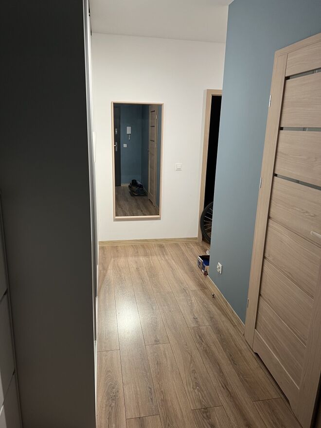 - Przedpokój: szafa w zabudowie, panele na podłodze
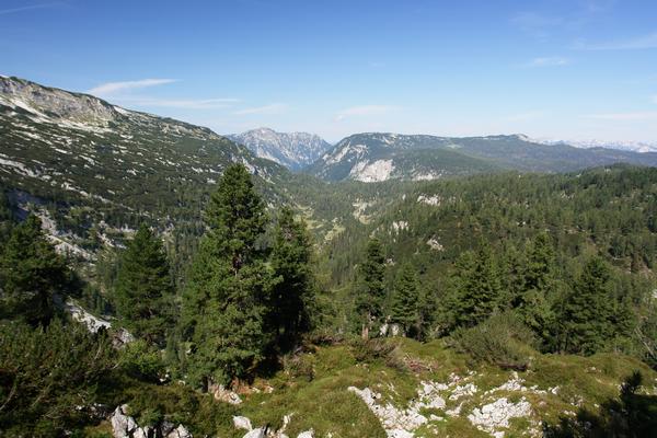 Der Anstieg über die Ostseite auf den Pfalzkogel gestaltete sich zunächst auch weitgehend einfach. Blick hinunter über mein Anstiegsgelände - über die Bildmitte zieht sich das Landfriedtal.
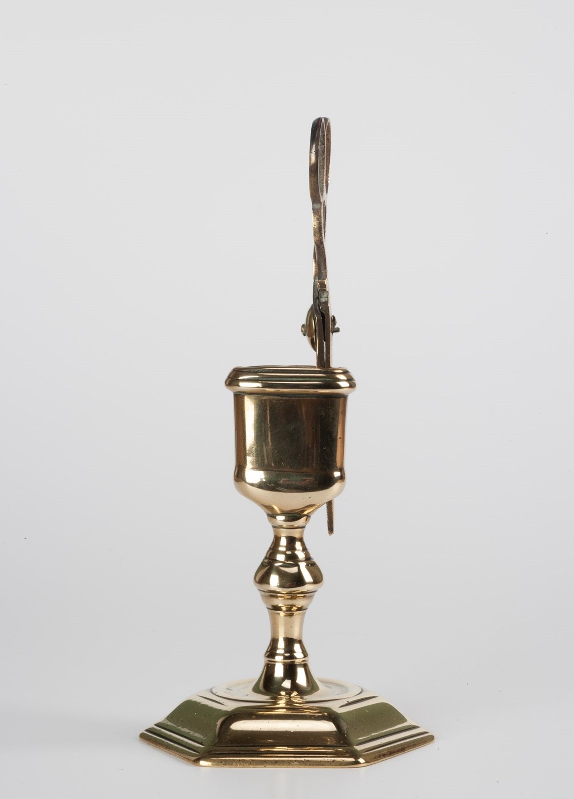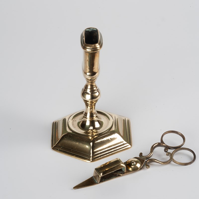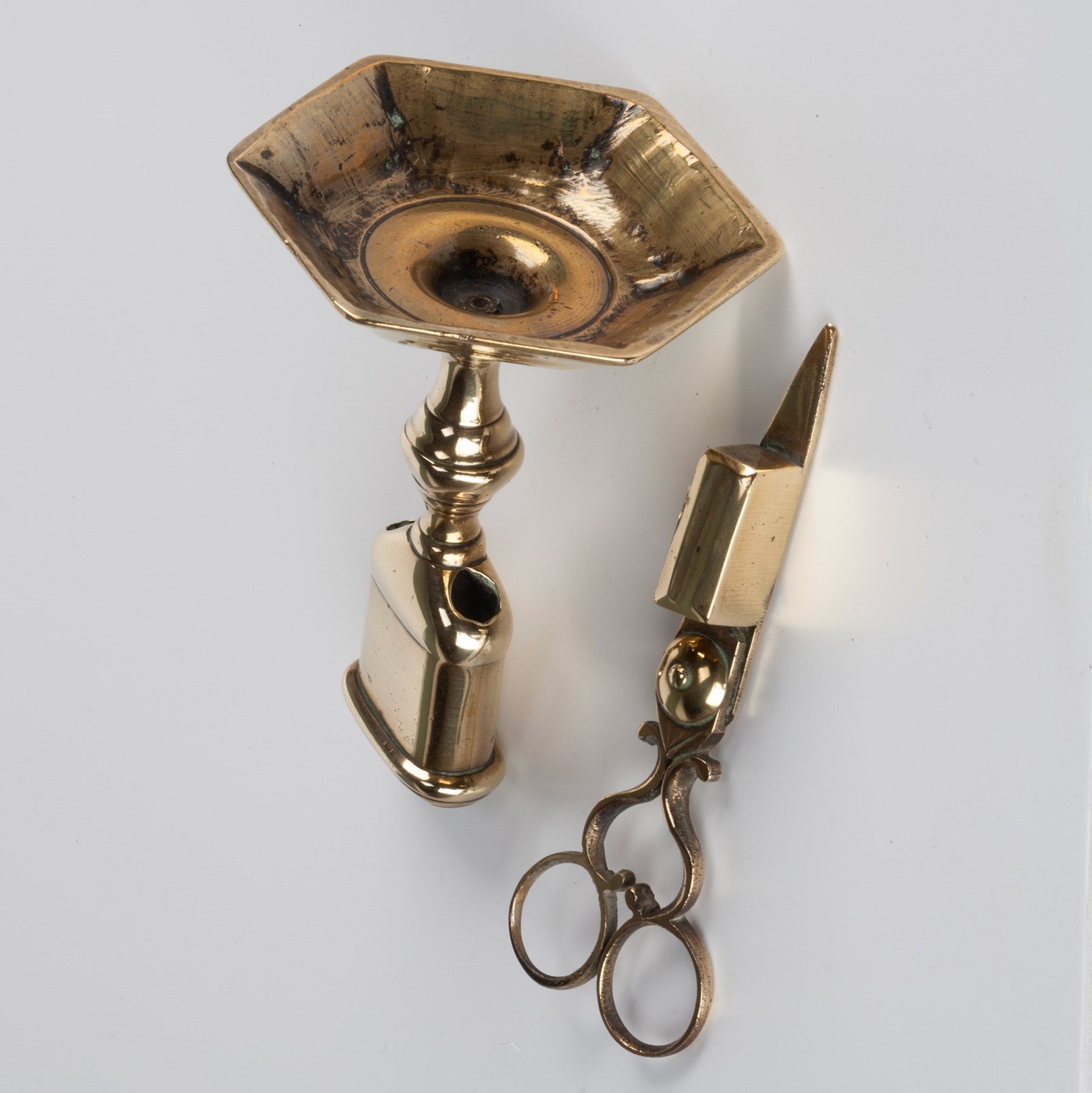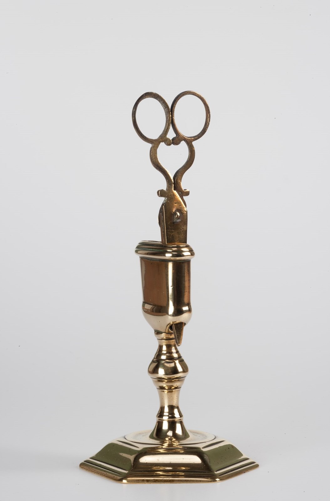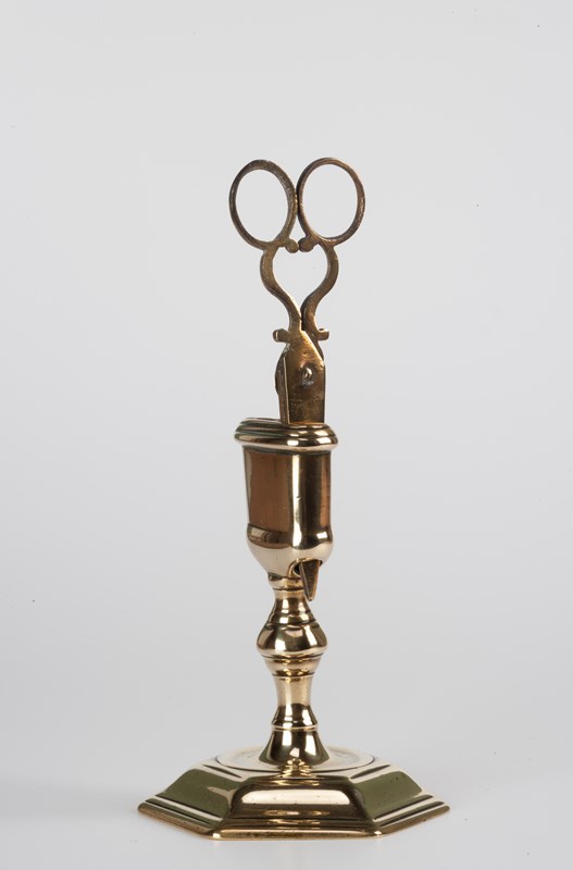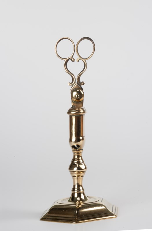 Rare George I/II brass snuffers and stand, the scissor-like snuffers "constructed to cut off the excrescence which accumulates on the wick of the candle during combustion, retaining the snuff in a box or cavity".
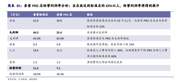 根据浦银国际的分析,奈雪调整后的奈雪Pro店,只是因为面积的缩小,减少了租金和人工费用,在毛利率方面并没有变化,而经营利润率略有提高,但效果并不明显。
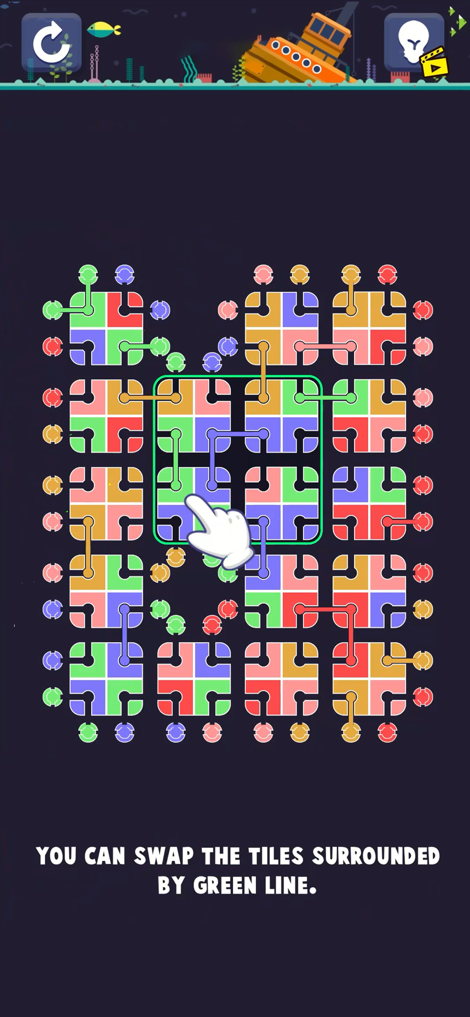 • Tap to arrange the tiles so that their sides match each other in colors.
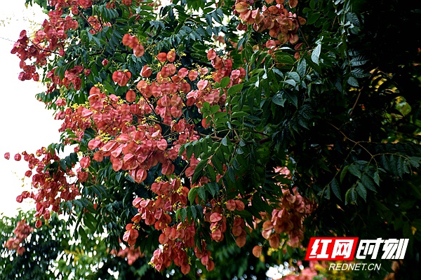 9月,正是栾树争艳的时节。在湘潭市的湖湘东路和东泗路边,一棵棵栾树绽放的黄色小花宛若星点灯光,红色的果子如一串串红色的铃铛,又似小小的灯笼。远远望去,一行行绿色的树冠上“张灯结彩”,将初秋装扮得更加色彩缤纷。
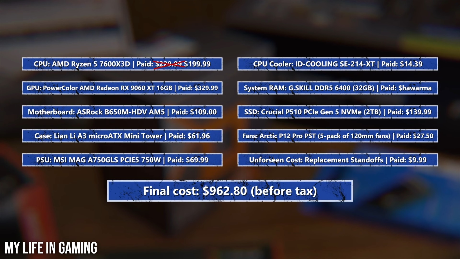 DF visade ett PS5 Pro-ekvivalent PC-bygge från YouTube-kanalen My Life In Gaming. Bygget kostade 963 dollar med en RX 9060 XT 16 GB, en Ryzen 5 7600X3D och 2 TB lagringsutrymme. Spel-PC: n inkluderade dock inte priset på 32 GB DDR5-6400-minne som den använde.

...

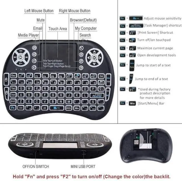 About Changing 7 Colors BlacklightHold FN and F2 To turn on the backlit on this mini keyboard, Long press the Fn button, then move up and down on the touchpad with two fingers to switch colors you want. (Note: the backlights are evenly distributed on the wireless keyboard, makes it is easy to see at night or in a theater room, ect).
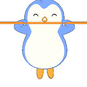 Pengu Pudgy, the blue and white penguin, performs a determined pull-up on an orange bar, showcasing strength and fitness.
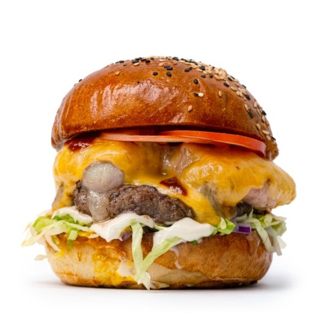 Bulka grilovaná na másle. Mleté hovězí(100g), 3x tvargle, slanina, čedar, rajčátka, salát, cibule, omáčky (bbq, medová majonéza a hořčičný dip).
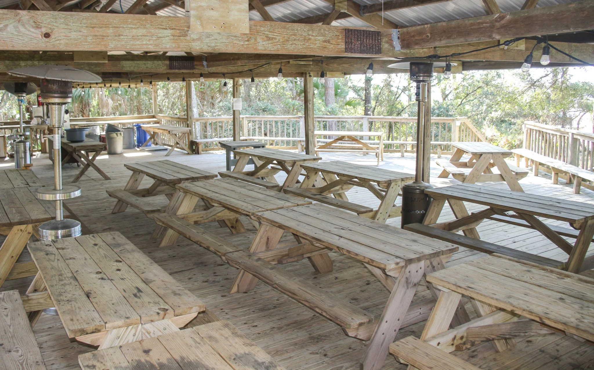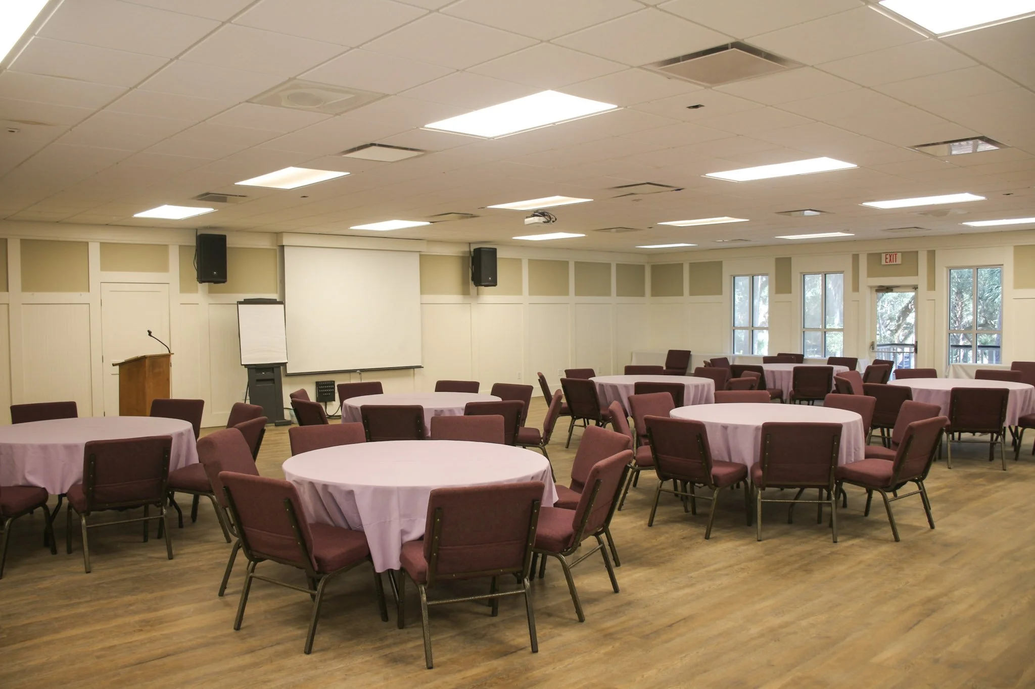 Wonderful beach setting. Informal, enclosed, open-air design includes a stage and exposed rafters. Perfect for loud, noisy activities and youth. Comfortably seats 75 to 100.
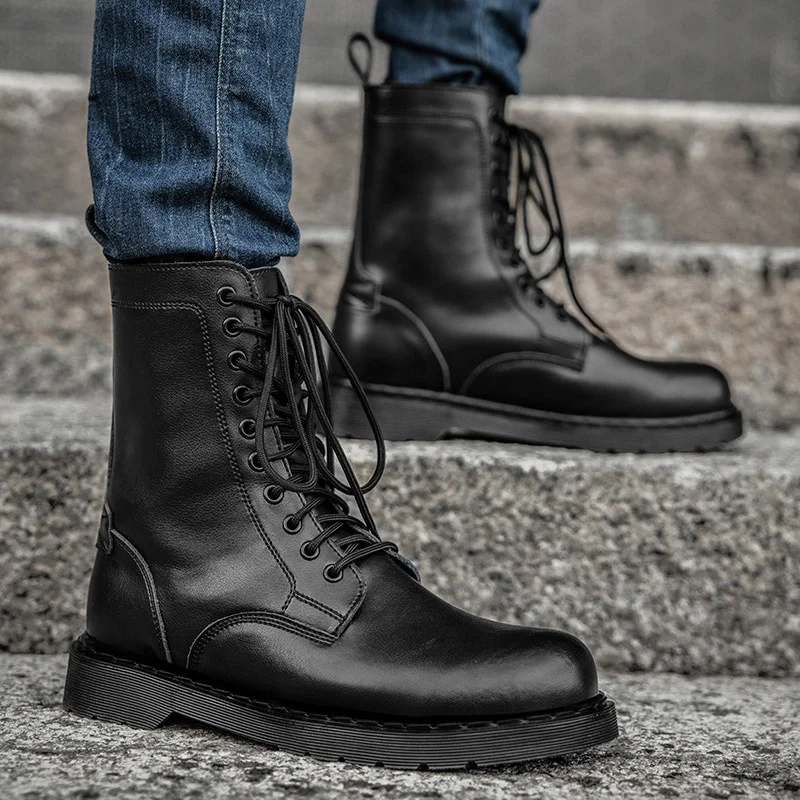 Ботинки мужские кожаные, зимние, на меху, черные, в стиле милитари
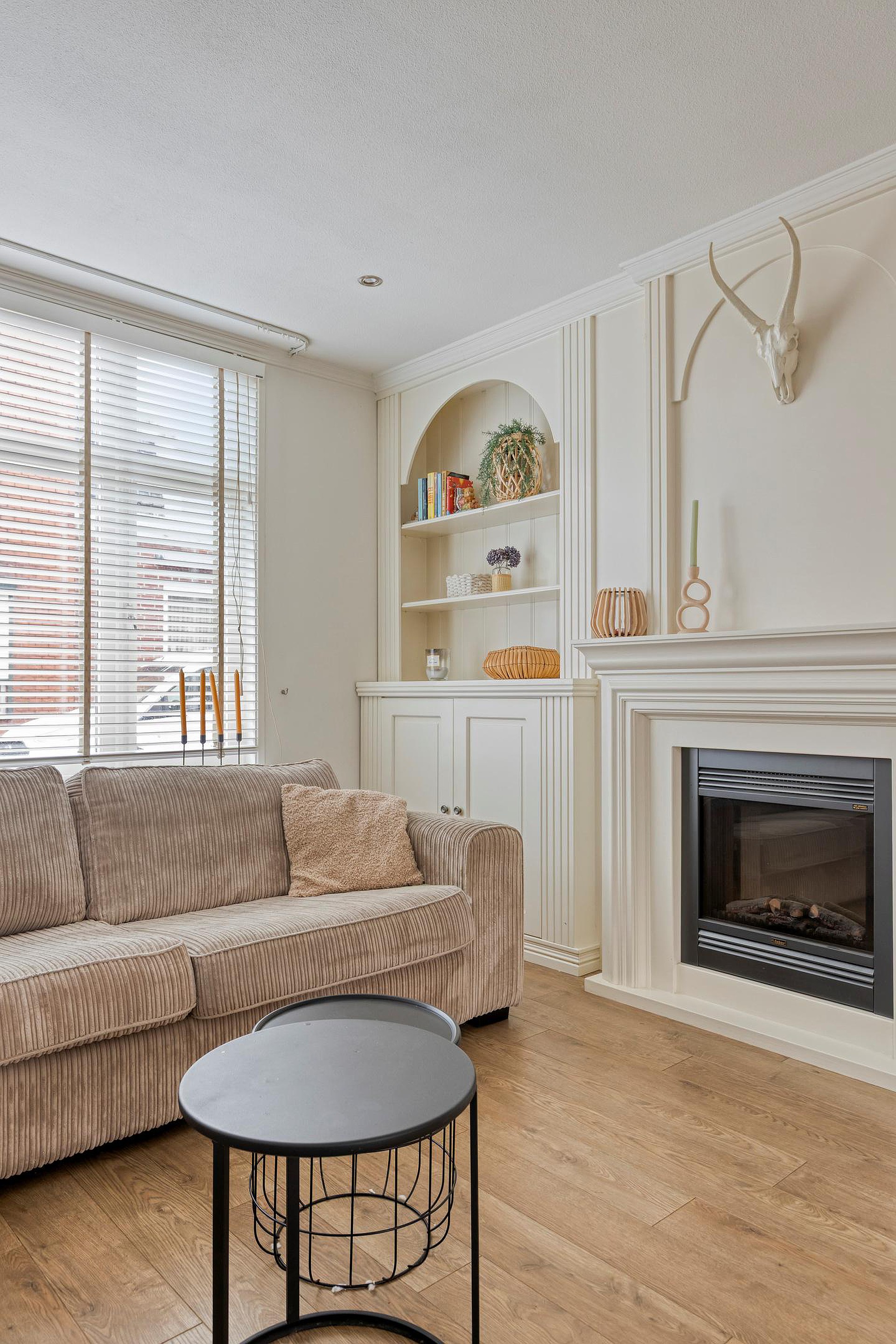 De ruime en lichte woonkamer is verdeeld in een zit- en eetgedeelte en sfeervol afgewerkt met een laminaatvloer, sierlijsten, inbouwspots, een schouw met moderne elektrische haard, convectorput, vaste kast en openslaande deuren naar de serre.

* _EXERCISE DIRECTIONS_:
Nothing but the lines from the one with "Rare George I/II" up to and including the one with "DF visade ett" should be printed, exactly as they read above. Please keep the pictures out.

* _TASK SOLUTION_:
 Rare George I/II brass snuffers and stand, the scissor-like snuffers "constructed to cut off the excrescence which accumulates on the wick of the candle during combustion, retaining the snuff in a box or cavity".
 根据浦银国际的分析,奈雪调整后的奈雪Pro店,只是因为面积的缩小,减少了租金和人工费用,在毛利率方面并没有变化,而经营利润率略有提高,但效果并不明显。
 • Tap to arrange the tiles so that their sides match each other in colors.
 9月,正是栾树争艳的时节。在湘潭市的湖湘东路和东泗路边,一棵棵栾树绽放的黄色小花宛若星点灯光,红色的果子如一串串红色的铃铛,又似小小的灯笼。远远望去,一行行绿色的树冠上“张灯结彩”,将初秋装扮得更加色彩缤纷。
 DF visade ett PS5 Pro-ekvivalent PC-bygge från YouTube-kanalen My Life In Gaming. Bygget kostade 963 dollar med en RX 9060 XT 16 GB, en Ryzen 5 7600X3D och 2 TB lagringsutrymme. Spel-PC: n inkluderade dock inte priset på 32 GB DDR5-6400-minne som den använde.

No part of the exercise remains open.